Gregory Markopoulos: Galaxie

When:
April 7, 2015 @ 7:00 pm – 9:00 pm
2015-04-07T19:00:00+01:00
2015-04-07T21:00:00+01:00
Where:
Getty Center
1200 Getty Center Drive
Los Angeles, CA 90049
USA
Cost:
Free
Contact:

Gregory Markopoulos: Galaxie

Gregory J. Markopoulos, Galaxie, 1966, 82 min
Introduces by Mark Webber

In 1966, Gregory Markopoulos filmed portraits of notable figures in the New York art world, including painters, poets, critics, filmmakers, and choreographers. Markopoulos populated his Galaxie with a remarkable constellation of personalities, ranging from those in his immediate circle of filmmakers (Jonas Mekas, Storm de Hirsch, the Kuchar Brothers) to luminaries from other art forms (Jasper Johns, W. H. Auden, Allen Ginsberg). Each is shot with a single roll of 16mm film and, though edited entirely in-camera in the moment of filming, comprises many layers of dense superimpositions that build a complex portrait of the sitter. The subjects were invited to pose in their home or studio, together with personal objects of their choice: Parker Tyler is a seen with a drawing by Tchelitchew, Susan Sontag with photographs of Garbo and Dietrich, Shirley Clarke and Maurice Sendak both with children’s toys, Gregory Battcock with a Christmas card and zebra rug. The film is silent except for the sound of a Hindu bell, its number of rings increasing incrementally until 30 chimes accompany the final portrait.
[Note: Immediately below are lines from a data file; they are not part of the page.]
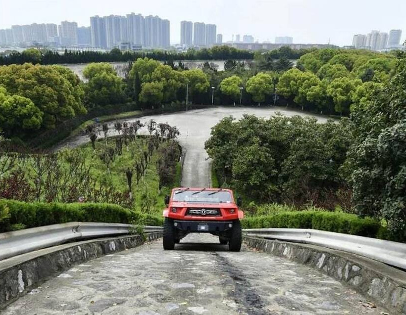 Δεν χρειάζεται και πολύ για να αντιληφθείς με τι μοιάζει αυτό το κόκκινο 4x4 με τα σήματα της Dongfeng. To οποίο έχει την χαρακτηριστική ονομασία Warrior M50 (δηλ. πολεμιστής) αφού σύμφωνα με τους Κινέζους μπορεί να υπερκεράσει τα περισσότερα εμπόδια που θα βρεθούν μπροστά του στις εκτός δρόμου διαδρομές.
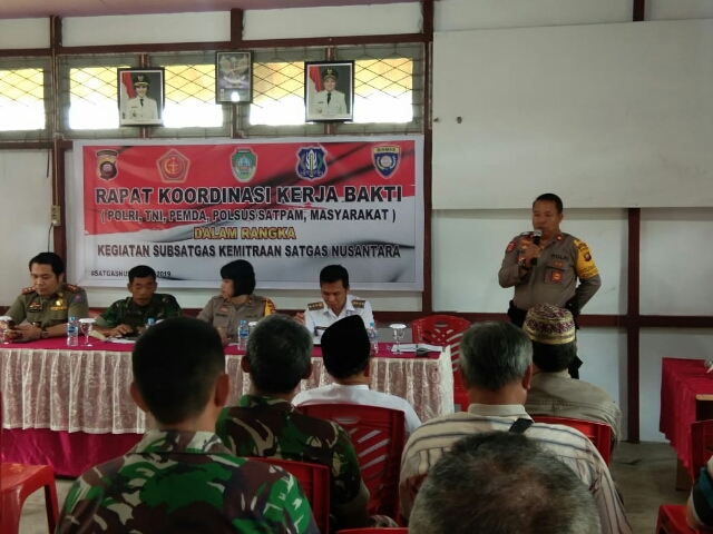 Terkait salah satu peran dan fungsinya, Rabu (23/1/19) siang, Sat Binmas Polres Landak sebagai fungsi yang mengawaki subsatgas kemitraan telah menjabarkan peran tugasnya dengan melaksanakan pertemuan terkait Rapat Koordinasi Kerja Bakti yang melibatkan Polri,TNI, Pemda, Polsus/Satpam dan masyarakat dengan mengambil tempat di aula Kantor Camat Ngabang.
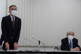 今年8月の任期満了に伴い、2月21日(月)に小樽経済センター(稲穂2)5階会議室で、迫俊哉小樽市長は、2期目の市長選挙立候補を表明する記者会見を開いた。前回同様、工藤左千夫後援会会長と宮田康路幹事長代行が同席。
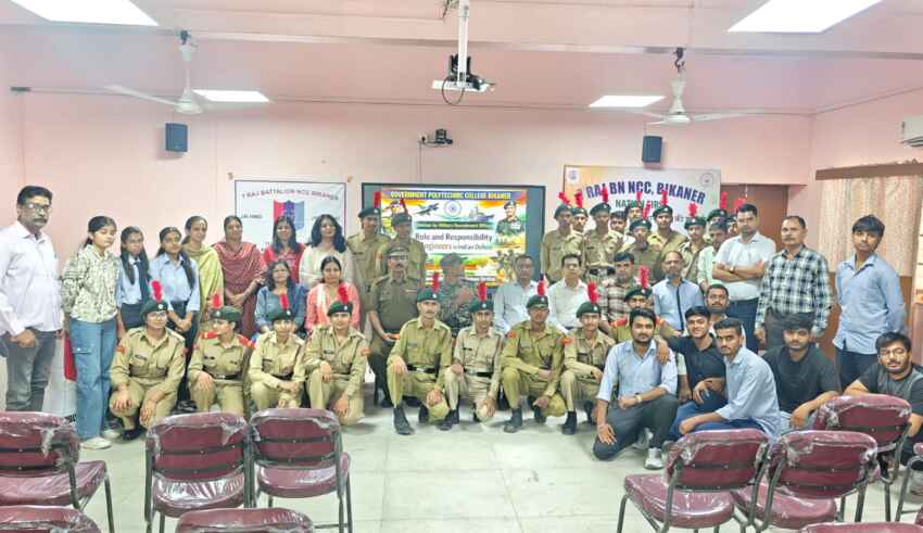 दिनांक : 28.03.2026 | बीकानेरराजकीय पॉलिटेक्निक महाविद्यालय, बीकानेर में एनसीसी इकाई के तत्वावधान में “भारतीय सेना में इंजीनियर की भूमिका” विषय पर विशेष व्याख्यान आयोजित किया गया। कार्यक्रम की शुरुवात माँ सरस्वती के चित्र पर दीपप्रज्ज्वल व पुष्पांजलि तथा सामूहिक रूप से राष्ट्रगीत वन्देमातरम का गायन के साथ हुई। एनसीसी प्रभारी मेजर एस. एल. राठी ने बताया कि इस व्याख्यान में मुख्य वक्ता मेजर एस. संग्राम, भर्ती चिकित्सा अधिकारी, सेना भर्ती कार्यालय (एआरओ), झुंझुनू थे जिनका प्राचार्य श्री के के सुथार ने माला पहनाकर व पौधा भेंट कर स्वागत किया।

With this new form of portraiture, Markopoulos developed a detached but empathetic middle ground between the cool objectivity of Warhol’s Screen Tests and the informal portrayals of friends seen in the diary films of Mekas. The portrait would subsequently become a prevalent aspect of Markopoulos’ filmmaking for works such as Through a Lens Brightly: Mark Turbyfill, Political Portraits, Index: Hans Richter and Saint Actaeon. Portraits of individuals such as Giorgio de Chirico, Alberto Moravia, Mark Tobey, Eugène Ionesco, Patricia Highsmith, Lucebert, Peggy Guggenheim, Anton Bruckner and Barbara Hepworth populate his monumental, final work Eniaios, which was conceived to only be shown at a site specifically chosen by Markopoulos in the Greek province of Arcadia.